I have a two-part question that might brush on preferred habits, and whether I'm unnecessarily complicating a problem. I've been using .C and learned .Call to do the heavy lifting from R. I wanted to do a comparison with .Fortran, and so I've been learning it as I go. Therefore, my issue may be due to my limited Fortran knowledge.
There are several functions implemented in R that I'd like to translate to Fortran that are related to each other. Rather than hash out the details of the problem I've created a minimum synonymous example that's impractical but a good illustration.
I have two functions and two related subroutines to find the magnitude and squared-magnitude, which make the entirety of the file:
! Actual functions
real function sumofsquaresfun (x,y)
implicit none
real :: x,y
sumofsquaresfun=x*x+y*y
end function sumofsquaresfun
real function magnitudefun(x,y)
implicit none
real :: x,y,tmp
tmp=sumofsquaresfun(x,y)
magnitudefun=sqrt(tmp)
end function magnitudefun
! Wrappers for R accessibility since R requires subroutines
subroutine sumofsquares(x,y,answer)
implicit none
real :: x,y
real answer
answer=sumofsquaresfun(x,y)
end subroutine sumofsquares
subroutine magnitude(x,y,answer)
implicit none
real :: x,y
real answer
answer=magnitudefun(x,y)
end subroutine magnitude
Suppose that both subroutines are useful when I'm in R, so keeping the two separate is important.

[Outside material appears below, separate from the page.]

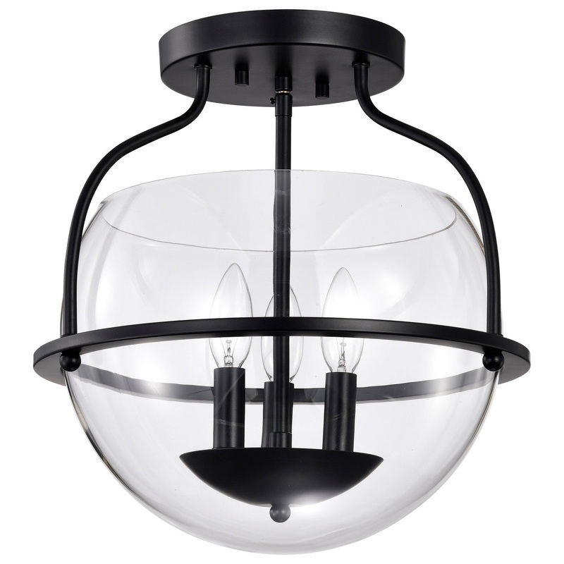 Amado 3 Light Semi Flush Mount, Matte Black Finish, Clear Glass

When I try t compile using
R CMD SHLIB fortrancode.f95
I have several errors the same two types of errors:
Error: Return type mismatch of function 'sumofsquaresfun' at (1) (UNKNOWN/REAL(4))
Error: Function 'sumofsquaresfun' at (1) has no IMPLICIT type
etc.
My questions in order of importance:
- Even if feasible, is this the preferred approach to such a problem? Should I be using modules instead? I've seen this discussion (using a Fortran module in R?) and the related one by the same OP but don't know if involving modules is necessary/optimal.
- If what I am trying to do is the correct way, what causes these embarrassing errors?
- I like to use functions because that's what they're meant for, but am I being too much of a purist by creating the subroutine wrappers? Is it better style to just do away with them so I only have the two subroutines?
Many thanks!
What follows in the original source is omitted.